The Pac-10 announced today that Larry Scott, CEO and chairman of the Women's Tennis Association, will be its successor to Tom Hansen, and you can count me among those who are cautiously optimistic.
All other aspects of his resume aside -- and it is a considerable resume -- Scott has one major thing going for him before he ever officially assumes the post on July 1: As far as I can tell, he's got absolutely no connection whatsoever to Hansen.
Since they've settled for Hansen's poor leadership in maximizing the conference's exposure and revenue for the past 26 years, I was afraid the conference presidents would just promote someone from the inner circle to fill the spot. Kudos to them for going for the home run hire and bringing in someone who ostensibly ought to have some fresh ideas -- and some clout.
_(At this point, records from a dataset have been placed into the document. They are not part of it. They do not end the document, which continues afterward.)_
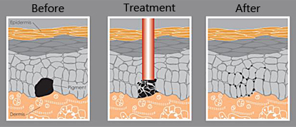 獨特的1064nm波長穿透真皮層,利用專一性的光熱效應,擊碎麥拉寧聚集的黑色素團塊,促使麥拉寧吞噬細胞加速吸收代謝頑固的黑色素並排出體外,讓皮膚驅黑淨白,遠離黝黑暗沉。
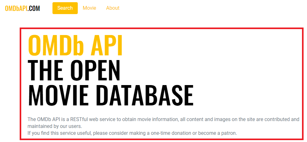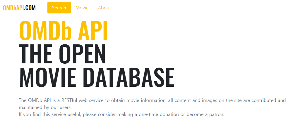 <template> <div class="container"> <h1> <span>OMDb API</span><br /> THE OPEN<br /> MOVIE DATABASE </h1> <p> The OMDb API is a RESTful web service to obtain movie information, all content and images on the site are contributed and maintained by our users.<br /> If you find this service useful, please consider making a one-time donation or become a patron. </p> </div> </template><style lang="scss" scoped> @import "~/scss/main"; .container { padding-top: 40px; } h1 { line-height: 1; font-family: "Oswald", sans-serif; font-size: 80px; span { color: $primary; } } p { margin: 30px 0; color: $gray-600; } </style>2. /src/routes/Home.vue 연결
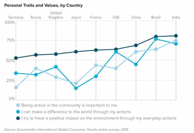 从上图便可以看出,世界各大主要市场的消费者,大部分均希望能够通过自己的行为,对社会产生积极的影响。
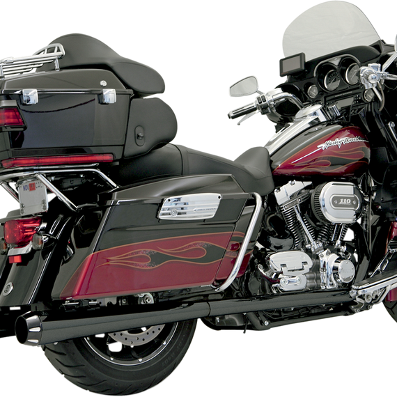 Caracteristicas: Feature equal length 1-3/4" to 1-7/8" step head pipes and 4" mufflers with billet end caps 18 mm O2 port plugs included Include full coverage head pipe heat shields Produce a distinctive "stereo-friendly sound" Made in the U.S.A.
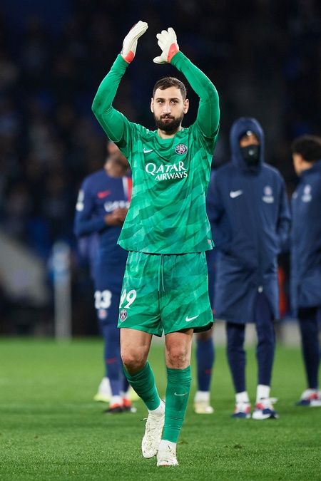 Gianluigi Donnarumma of Paris Saint Germain thanks supporters for standing during the UEFA Champions League match between Real Sociedad v Paris Saint Germain at Reale Arena on March 5, 2024 in San Sebastian (Photo by: LGM)

In fact, it seems the presidents purposed to look for someone with a new perspective. Stanford president John Hennessy, who led the executive committee that made the hire, said that Scott "was clearly the most qualified and innovative leader for the Pac-10," which is a great sign. Scott's track record clearly supports such a claim. This is a guy who made women's tennis -- women's tennis -- a mainstream sport in the United States, one that you can argue is more popular than it's male counterpart. I consider that no small feat.
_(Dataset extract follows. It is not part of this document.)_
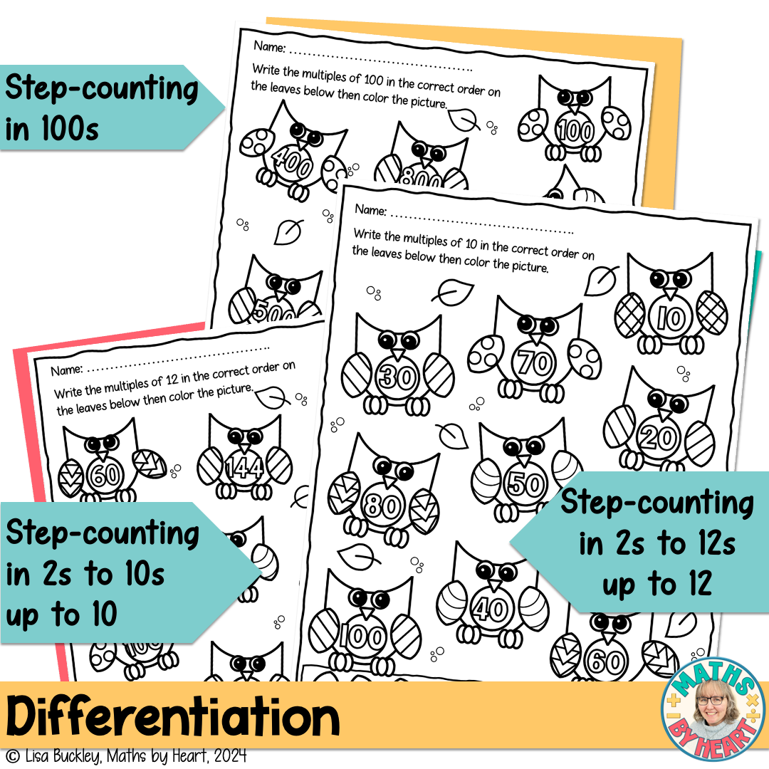 • The core practice of this resource is reinforcing skip-counting. By featuring clear multiples alongside the colouring designs, students can practice skip counting in a fun and engaging way.

Scott reinforced this in an interview with The New York Times:
"They were looking for a different kind of leader from, let’s say, other conferences typical in this position," Scott said. "They see this as a turning point for the Pac-10 and are looking for a new approach to promoting and branding the conferences as well as television and sponsorships."
Hansen was famous for blaming the conference's lack of modernization on the presidents' wishes, painting himself as a dutiful minion. This hire seems to run counter to that claim, and I hope the presidents are serious about giving Scott the latitiude to be innovative with the conference's revenue sports, because this is a great time for it.
There are minor bowl contracts up next year, and the TV contract with FSN expires in the next three years. Will Scott be able to talk other, higher profile bowls into going for Pac-10 teams? Will he be able to increase the conference's national profile with better media deals?
In that Times article, Scott says he's up for the job.
"I’ve picked up on the sense that some people feel that the Pac-10 may not be boxing at their appropriate weight, so to speak," Scott said of the league’s television deal. "One of the skill sets that I bring is dealing with television for 15 years and dealing with all of the major networks over that time."
We're mindful of the fact that being a conference commissioner is a much bigger job than catering to the fans of revenue sports, but let's be honest -- that's how commissioners are measured. If Scott can get guys like Tony Kornheiser and Mike Wilbon to care about Serena and Venus Williams, I like his chances to get the rest of the country to finally care about the Pac-10.